Data for review:
· · · ·

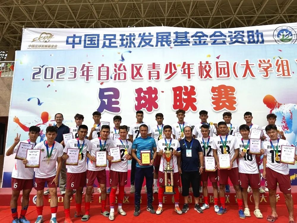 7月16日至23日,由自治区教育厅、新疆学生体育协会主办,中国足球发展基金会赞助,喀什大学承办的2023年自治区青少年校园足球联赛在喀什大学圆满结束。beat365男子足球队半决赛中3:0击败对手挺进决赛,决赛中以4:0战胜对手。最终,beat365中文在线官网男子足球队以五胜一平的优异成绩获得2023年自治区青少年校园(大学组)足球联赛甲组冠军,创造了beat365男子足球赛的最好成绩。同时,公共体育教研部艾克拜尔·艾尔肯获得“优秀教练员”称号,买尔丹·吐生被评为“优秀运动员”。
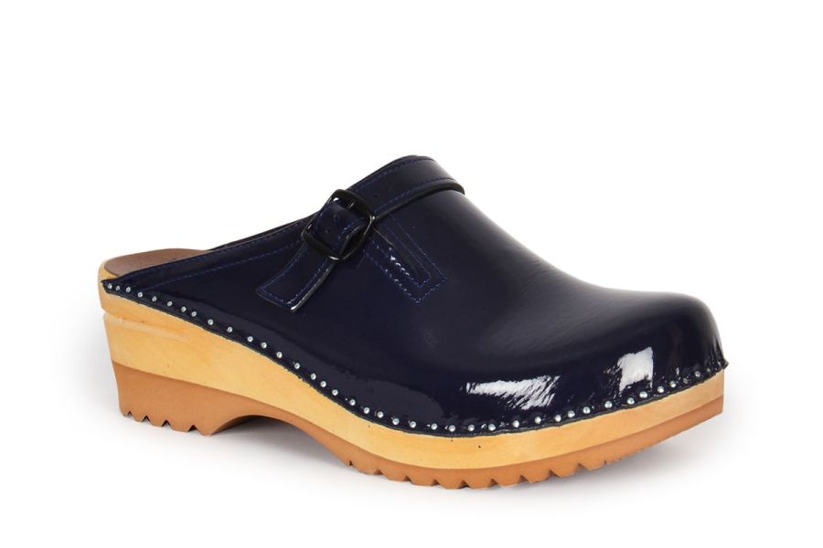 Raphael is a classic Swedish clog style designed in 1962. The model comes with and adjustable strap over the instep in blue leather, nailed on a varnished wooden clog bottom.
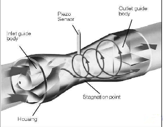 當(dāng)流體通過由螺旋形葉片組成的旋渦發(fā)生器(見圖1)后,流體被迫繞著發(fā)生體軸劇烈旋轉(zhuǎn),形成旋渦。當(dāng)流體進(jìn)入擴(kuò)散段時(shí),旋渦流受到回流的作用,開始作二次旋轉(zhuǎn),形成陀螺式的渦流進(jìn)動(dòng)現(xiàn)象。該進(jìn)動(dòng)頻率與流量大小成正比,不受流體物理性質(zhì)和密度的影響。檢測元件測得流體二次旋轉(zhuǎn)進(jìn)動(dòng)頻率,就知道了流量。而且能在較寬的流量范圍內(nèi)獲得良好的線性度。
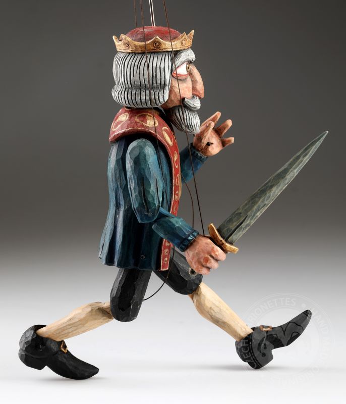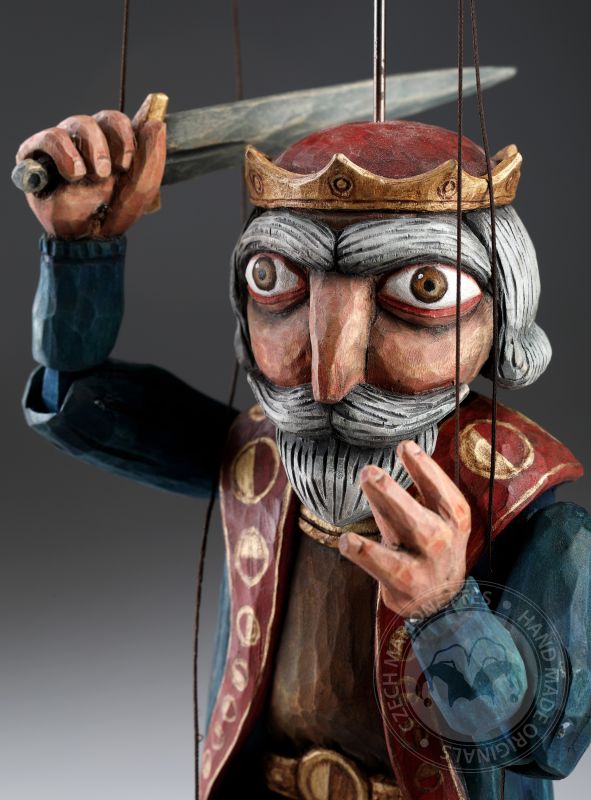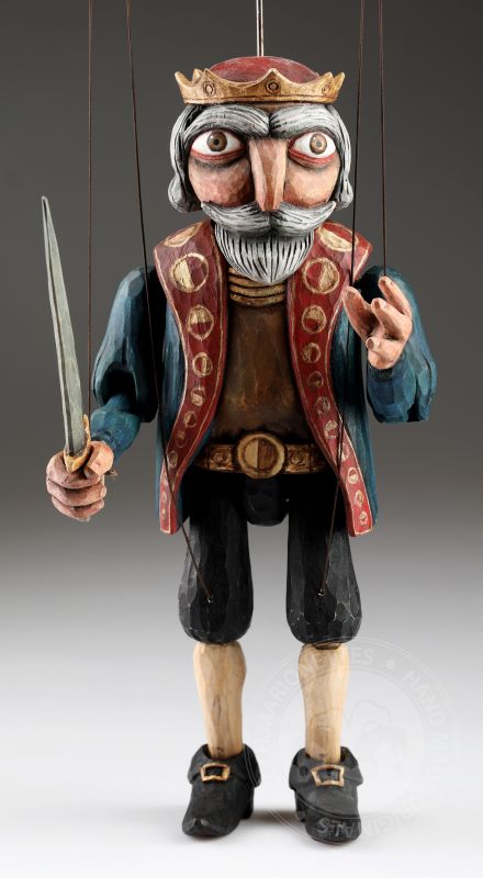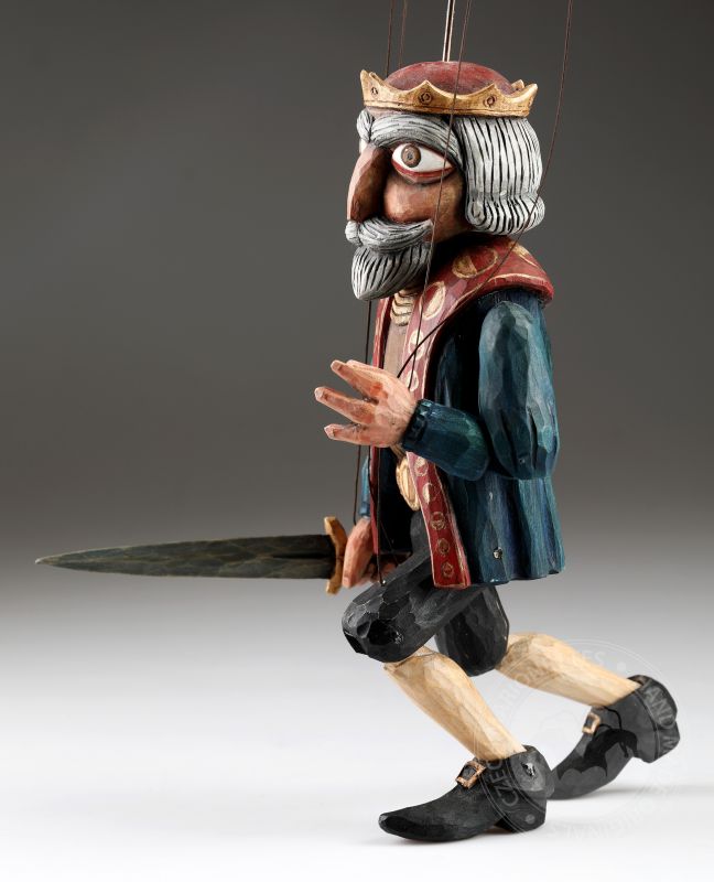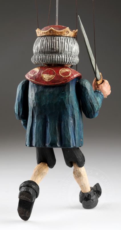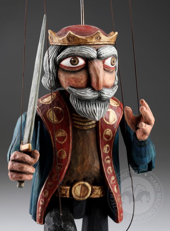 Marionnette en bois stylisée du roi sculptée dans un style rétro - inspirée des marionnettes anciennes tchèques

· · · ·

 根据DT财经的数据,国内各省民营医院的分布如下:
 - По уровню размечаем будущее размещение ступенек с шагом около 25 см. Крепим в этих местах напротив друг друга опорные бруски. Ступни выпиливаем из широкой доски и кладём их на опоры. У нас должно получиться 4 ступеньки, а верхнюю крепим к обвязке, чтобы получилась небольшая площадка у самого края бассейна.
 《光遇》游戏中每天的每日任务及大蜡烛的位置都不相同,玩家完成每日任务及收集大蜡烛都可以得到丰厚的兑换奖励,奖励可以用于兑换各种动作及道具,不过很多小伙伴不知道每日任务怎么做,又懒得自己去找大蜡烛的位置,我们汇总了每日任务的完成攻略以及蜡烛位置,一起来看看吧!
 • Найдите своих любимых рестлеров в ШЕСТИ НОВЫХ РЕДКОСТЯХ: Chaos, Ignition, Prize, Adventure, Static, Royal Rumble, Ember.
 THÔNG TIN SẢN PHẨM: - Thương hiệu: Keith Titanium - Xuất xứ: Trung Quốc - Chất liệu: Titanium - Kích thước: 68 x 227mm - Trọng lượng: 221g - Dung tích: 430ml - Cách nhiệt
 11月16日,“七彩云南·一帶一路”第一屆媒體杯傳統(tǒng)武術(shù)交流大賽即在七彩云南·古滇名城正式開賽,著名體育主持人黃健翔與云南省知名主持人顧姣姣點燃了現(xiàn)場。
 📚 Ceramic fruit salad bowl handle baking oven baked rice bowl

· · · ·

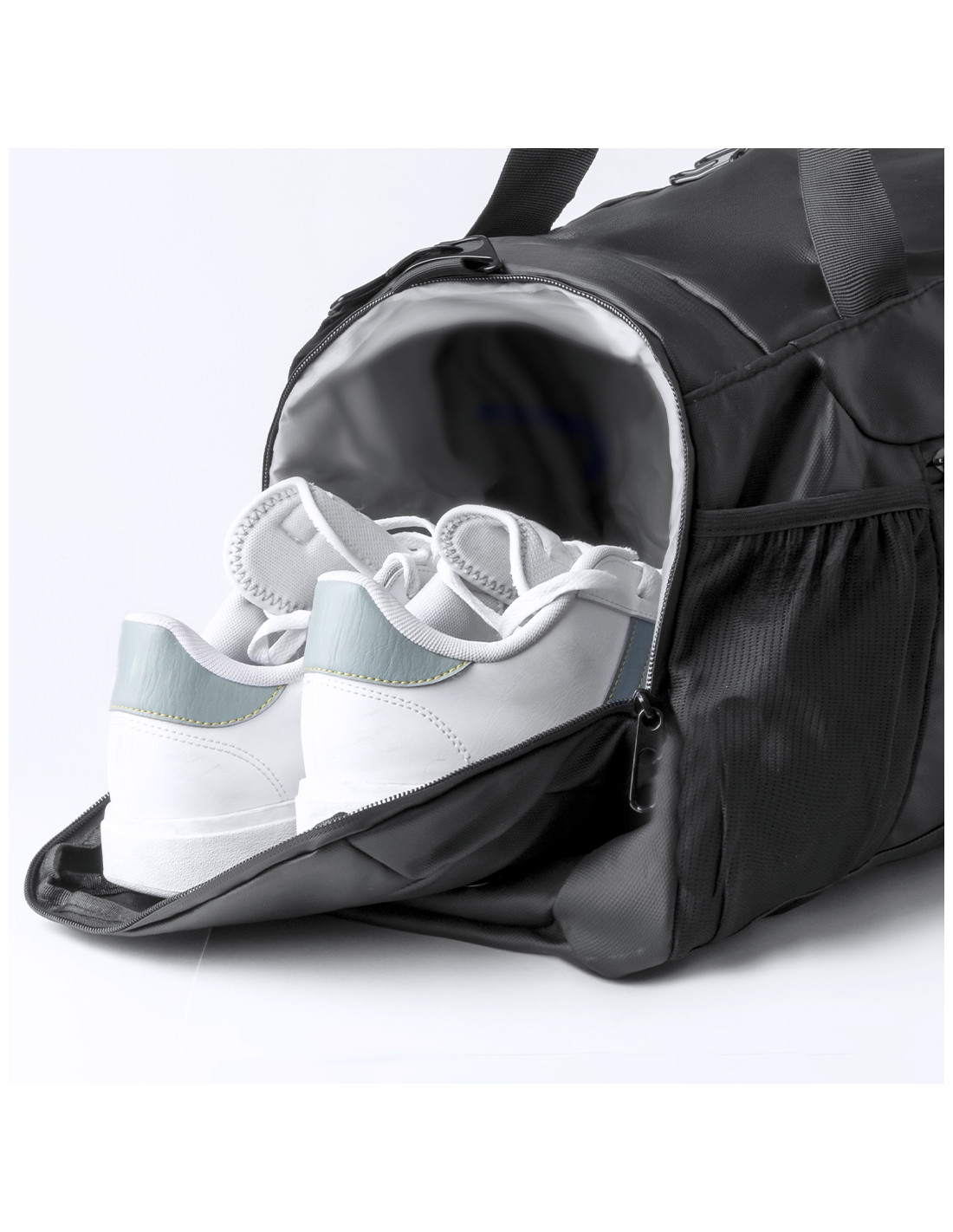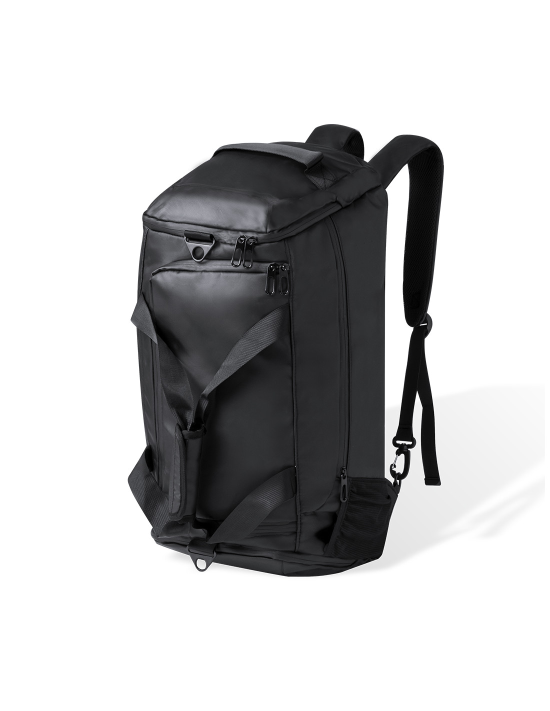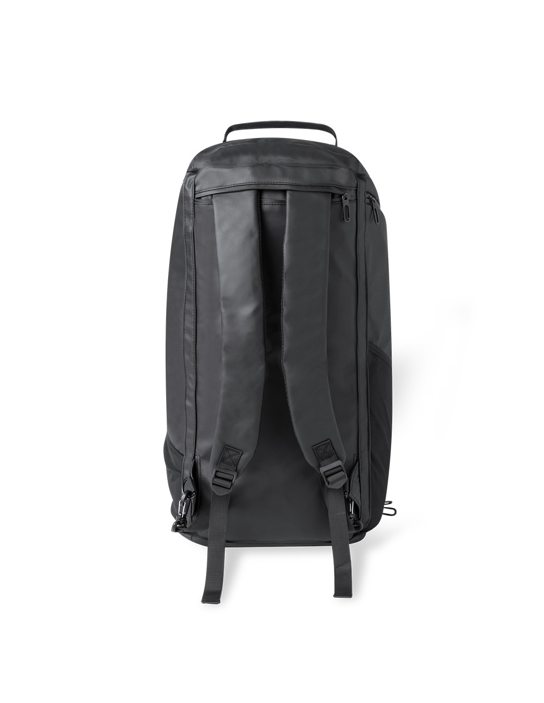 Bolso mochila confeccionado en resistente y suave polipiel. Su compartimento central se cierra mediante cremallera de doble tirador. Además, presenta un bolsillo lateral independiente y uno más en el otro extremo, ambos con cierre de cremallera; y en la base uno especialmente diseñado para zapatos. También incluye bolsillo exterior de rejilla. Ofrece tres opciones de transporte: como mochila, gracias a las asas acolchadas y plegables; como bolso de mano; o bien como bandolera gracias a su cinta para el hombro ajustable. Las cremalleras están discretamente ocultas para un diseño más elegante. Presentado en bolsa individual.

· · · ·

Your instructions:
Give back precisely the lines above that start at the line containing "THÔNG TIN SẢN" and end at the line containing "baked rice bowl", inclusive. No other lines belong in the output.

The completed task:
 THÔNG TIN SẢN PHẨM: - Thương hiệu: Keith Titanium - Xuất xứ: Trung Quốc - Chất liệu: Titanium - Kích thước: 68 x 227mm - Trọng lượng: 221g - Dung tích: 430ml - Cách nhiệt
 11月16日,“七彩云南·一帶一路”第一屆媒體杯傳統(tǒng)武術(shù)交流大賽即在七彩云南·古滇名城正式開賽,著名體育主持人黃健翔與云南省知名主持人顧姣姣點燃了現(xiàn)場。
 📚 Ceramic fruit salad bowl handle baking oven baked rice bowl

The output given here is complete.